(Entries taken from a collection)
Segment Open

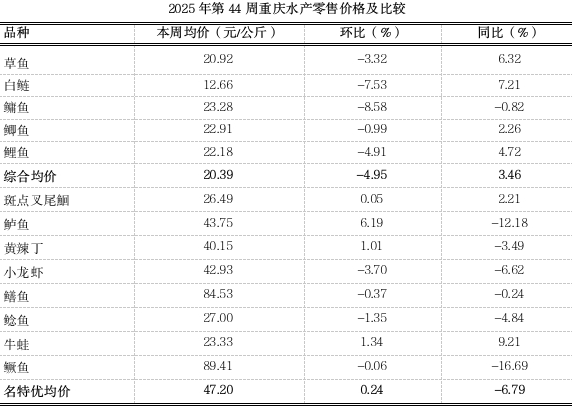 据市农业农村委监测,第44周重庆大宗水产零售均价20.39元,环比下跌4.95%,同比上涨3.46%,名特优水产均价47.20元,环比上浮0.24%、表现平稳,同比下跌6.79%。
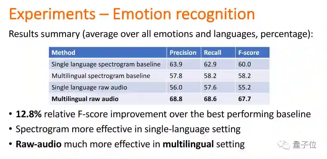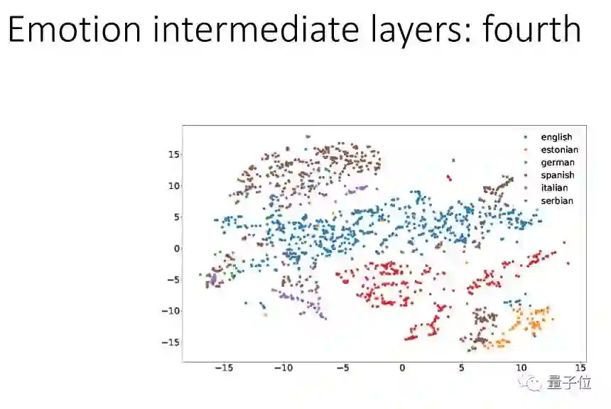 这个结果想告诉大家:在情感识别上,第一层如果用很多种语言来训练它,这种方式是好的,越到上层语言会分离。
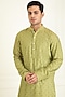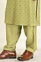 Featuring a mehendi green kurta in cotton base with thread and beads embroidery. It is paired with matching cotton silk salwar pants.
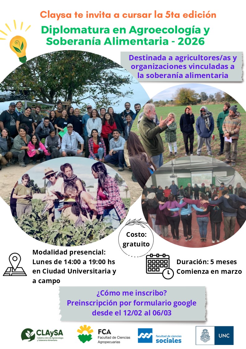 En marzo comienza la 5ta edición de la Diplomatura en Agroecología y Soberanía Alimentaria en la Universidad Nacional de Córdoba.
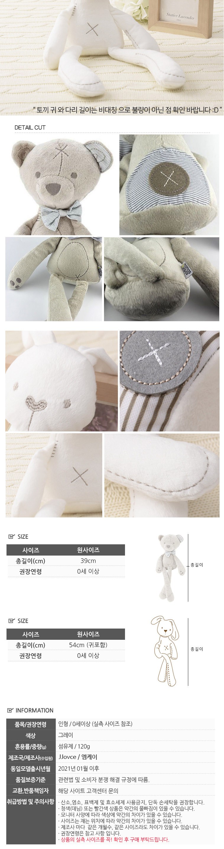 | 품명 및 모델명 | 엠케이 애착인형 래빗 + 곰돌이 세트 곰돌이(39cm), 래빗(54cm) |
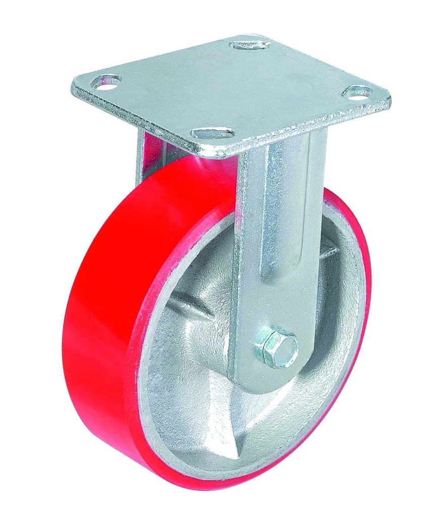 Большегрузные колеса серии DUS отлиты из чугуна и покрыты защитным слоем лака. Контактный слой — полиуретан бордового цвета твердостью 92 Shore A. В оси колеса роликовый подшипник.
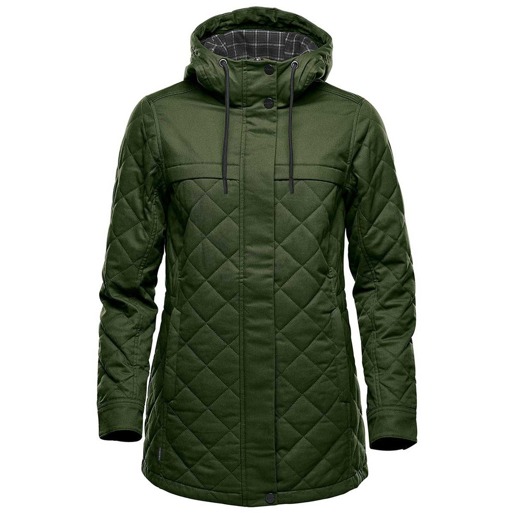 Add a company logo to the Stormtech Women's Earth Green Bushwick Quilted Jacket to create a look everyone will love. The gorgeous poly fill jacket will keep you warm and protected when the weather is unpredictable. The snap front closure has an adjustable waist for a more form fitted look when desired. When the wind picks up, use the attached hood with adjustable cord to stay warm. Perfect as a corporate gift or general cold weather wear. This is workwear that everyone will want.Highlights
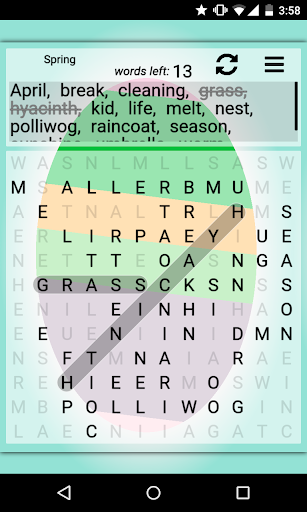 Find the words listed on the side (top in portrait view) in the letter grid in the middle. Intersecting words are hidden forwards, backwards, up, down and diagonally. When you have found all the words you have solved the puzzle!
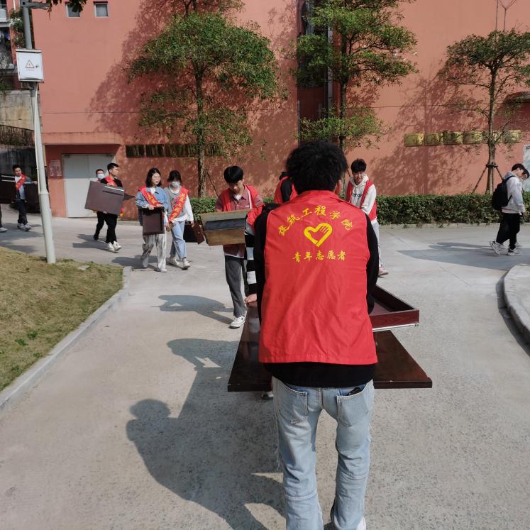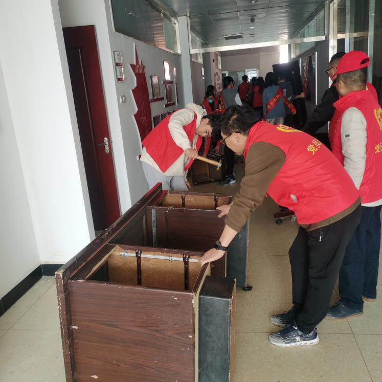 在电子大楼,建筑工程系志愿者与财务处采购与招标中心党支部党员老师志愿者们联合开展了报废桌椅拆卸和清理活动。活动中,志愿者们将劳动教育实践与志愿服务相结合,用工具将报废桌椅逐一拆卸后,分批搬运至垃圾屋内,等待垃圾清理车清运。
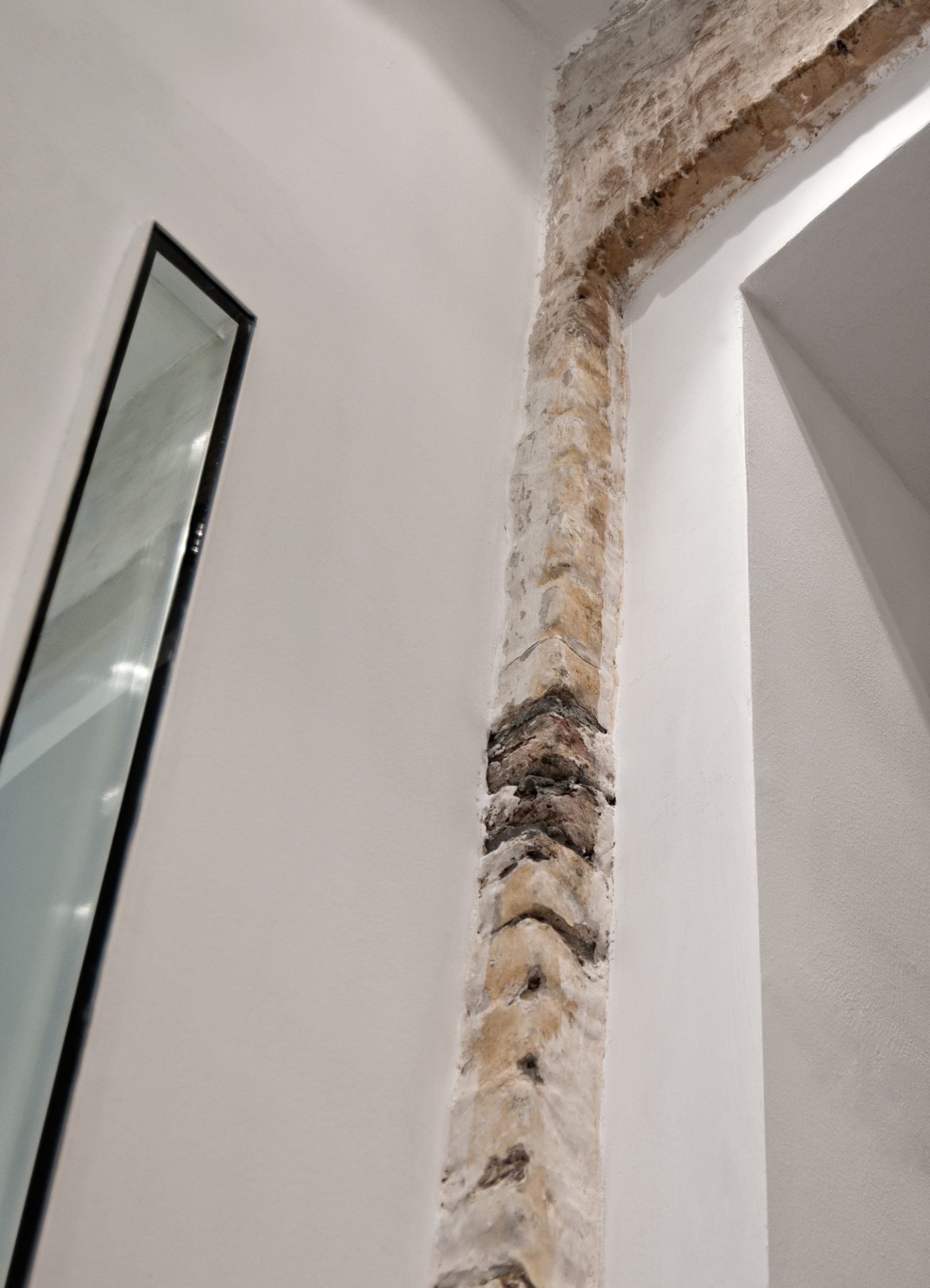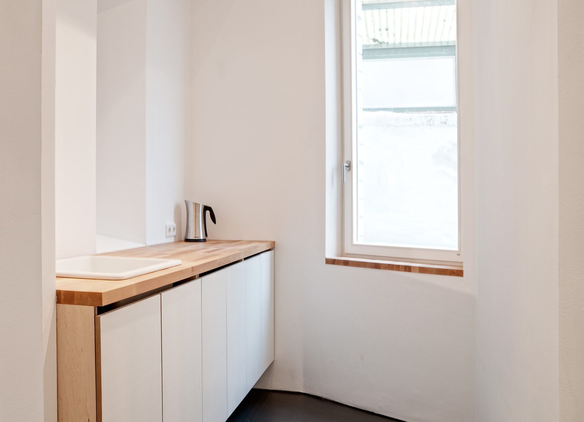 Das erste Projekt beschäftigte sich mit der Revitalisierung eines Gründerzeitbaus im Frankenberger Viertel. Die in den 1960er Jahren durchgeführten Umbaumaßnahmen eines Wohnhauses zu einer Bäckerei mit Verkaufsraum wurden rückgebaut. Die vorhandene Bestandsubstanz wurde behutsam freigelegt und wiederhergestellt. Moderne Formen ergänzen die alte Struktur. Kleine Fensternischen ermöglichen Durchblicke zu den einzelnen Nutzungszonen. Somit entsteht eine räumliche Verknüpfung, die auch kleinen Nebenräumen eine Großzügigkeit verleiht.

Segment Closed

▶ _ASSIGNED TASK_
Output only the lines above from the one containing "Add a company" to the one containing "Find the words", both included, exactly as written and with no pictures.

▶ _OUTPUT OF THE TASK_
 Add a company logo to the Stormtech Women's Earth Green Bushwick Quilted Jacket to create a look everyone will love. The gorgeous poly fill jacket will keep you warm and protected when the weather is unpredictable. The snap front closure has an adjustable waist for a more form fitted look when desired. When the wind picks up, use the attached hood with adjustable cord to stay warm. Perfect as a corporate gift or general cold weather wear. This is workwear that everyone will want.Highlights
 Find the words listed on the side (top in portrait view) in the letter grid in the middle. Intersecting words are hidden forwards, backwards, up, down and diagonally. When you have found all the words you have solved the puzzle!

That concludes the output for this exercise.